EXERCISE:
Answer with the exact lines of the following material from the one containing "Kurz vor 22" through the one containing "Featuring a beige", both end lines included.

TASK DATA:
* * * * * * *

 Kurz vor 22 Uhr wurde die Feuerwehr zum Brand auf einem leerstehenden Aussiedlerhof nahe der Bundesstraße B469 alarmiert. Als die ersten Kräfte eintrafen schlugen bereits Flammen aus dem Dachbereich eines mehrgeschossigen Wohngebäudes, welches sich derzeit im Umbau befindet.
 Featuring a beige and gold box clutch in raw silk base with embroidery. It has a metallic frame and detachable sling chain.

* * * * * * *

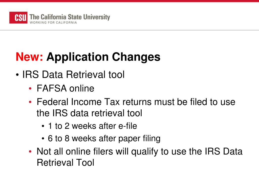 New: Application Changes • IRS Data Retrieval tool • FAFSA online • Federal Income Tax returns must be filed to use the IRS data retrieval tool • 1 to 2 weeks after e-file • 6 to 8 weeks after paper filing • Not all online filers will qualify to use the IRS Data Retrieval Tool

* * * * * * *

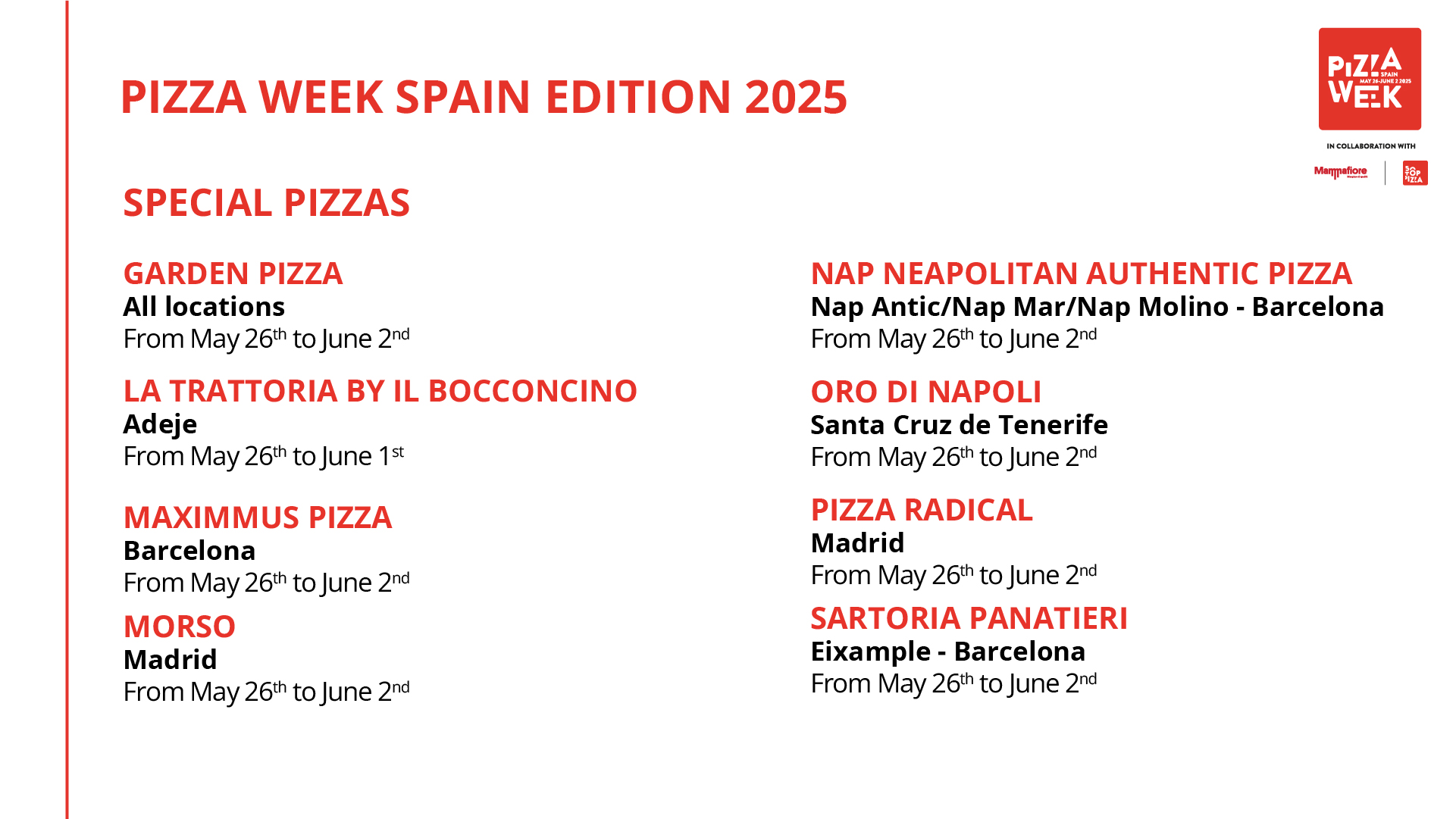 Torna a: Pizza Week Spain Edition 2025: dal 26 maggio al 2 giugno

* * * * * * *

SOLUTION FOR THIS PROBLEM:
 Kurz vor 22 Uhr wurde die Feuerwehr zum Brand auf einem leerstehenden Aussiedlerhof nahe der Bundesstraße B469 alarmiert. Als die ersten Kräfte eintrafen schlugen bereits Flammen aus dem Dachbereich eines mehrgeschossigen Wohngebäudes, welches sich derzeit im Umbau befindet.
 Featuring a beige and gold box clutch in raw silk base with embroidery. It has a metallic frame and detachable sling chain.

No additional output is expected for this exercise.